**PROBLEM DETAILS**
Only the pictures are to be dropped; the rest of the data below is to be duplicated exactly.

**SOURCE MATERIAL**
= = =

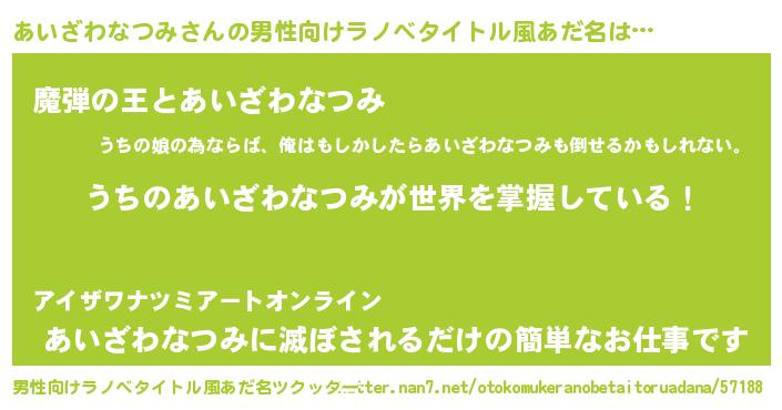 | 胡散臭い通販商品みたいなあだ名 | 『あなたにだけ特別に提供する限定10本のレアな日本酒…その名も「あいざわなつみ」』 |
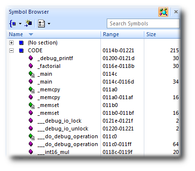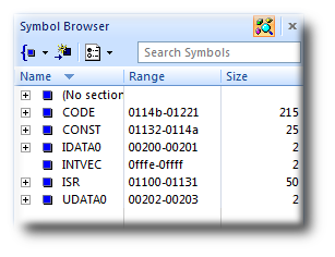 For a more-detailed view of how your application is laid out in memory than the Memory Usage window provides, you can use the Symbol Browser. It allows you to navigate your application, see which data objects and functions have been linked into your application, what their sizes are, which section they are in, and where they are placed in memory.
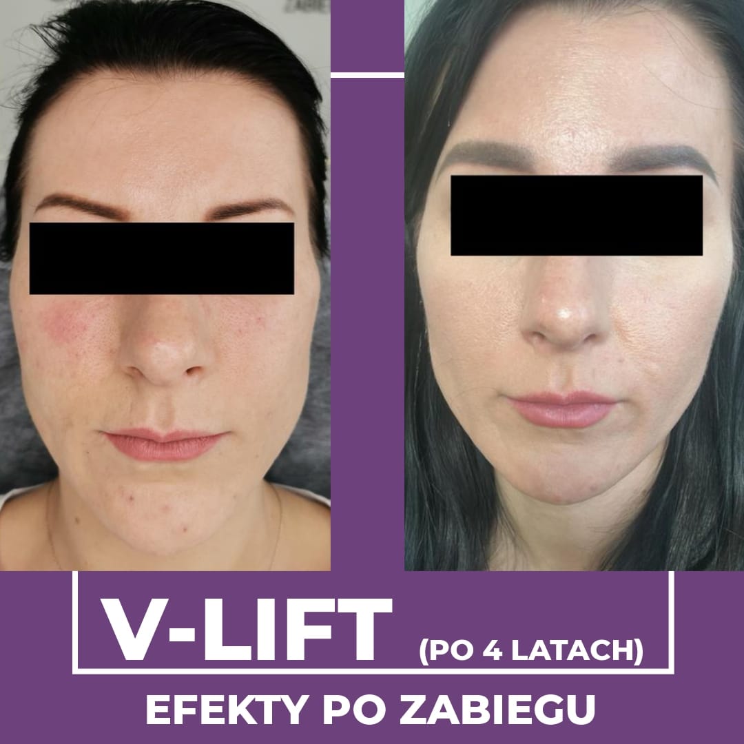Na załączonej grafice mamy efekt zabiegu V-lift po … 4 latach!!! Owal twarzy wciąż jest zarysowany, kwas hialuronowy nie spłynął, nie migrował.
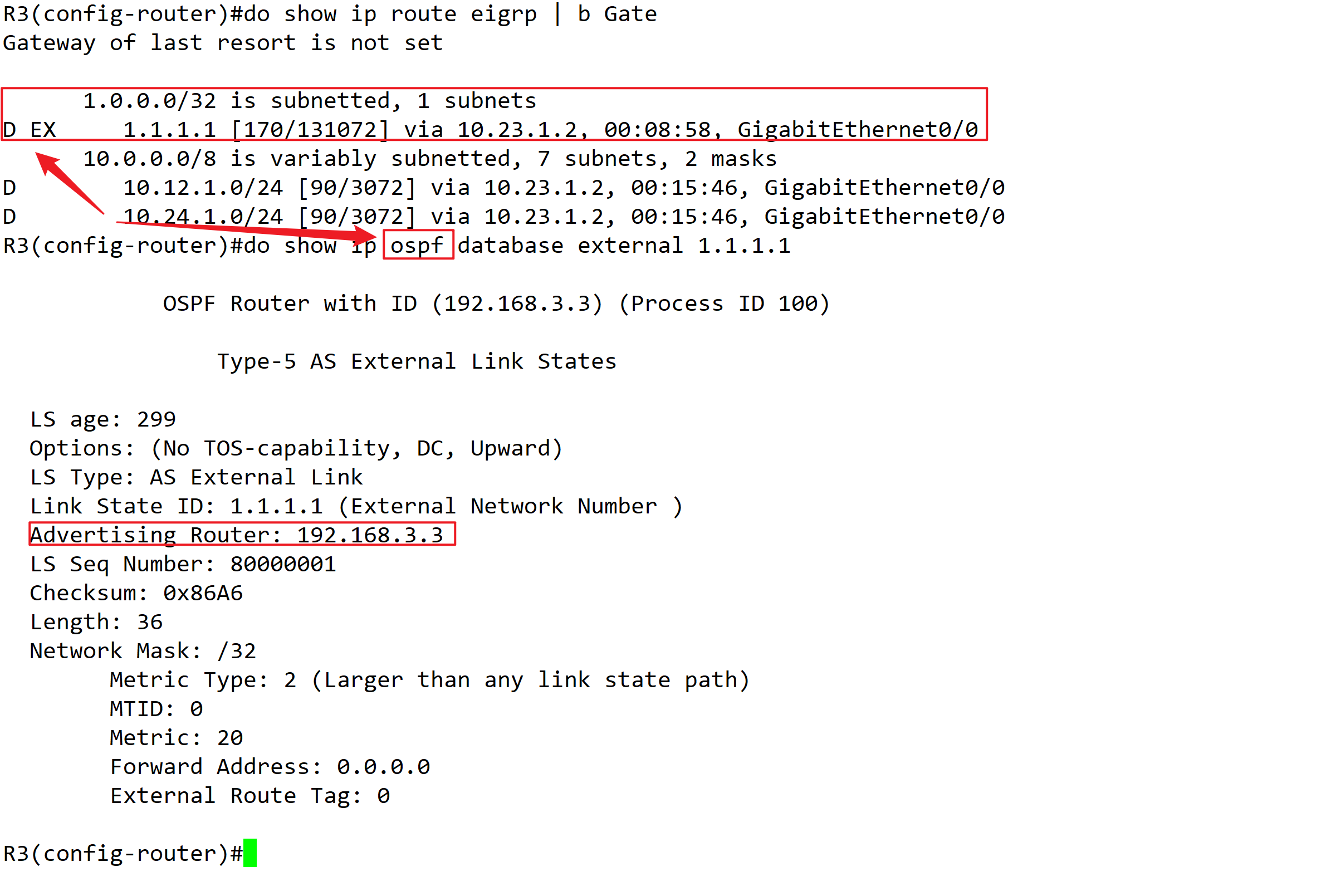 - 查看R3,此时路由表中1.1.1.1 是从EIGRP的重分布学到的

= = =

**RESPONSE FOR THIS EXERCISE**
 | 胡散臭い通販商品みたいなあだ名 | 『あなたにだけ特別に提供する限定10本のレアな日本酒…その名も「あいざわなつみ」』 |
 For a more-detailed view of how your application is laid out in memory than the Memory Usage window provides, you can use the Symbol Browser. It allows you to navigate your application, see which data objects and functions have been linked into your application, what their sizes are, which section they are in, and where they are placed in memory.
Na załączonej grafice mamy efekt zabiegu V-lift po … 4 latach!!! Owal twarzy wciąż jest zarysowany, kwas hialuronowy nie spłynął, nie migrował.
 - 查看R3,此时路由表中1.1.1.1 是从EIGRP的重分布学到的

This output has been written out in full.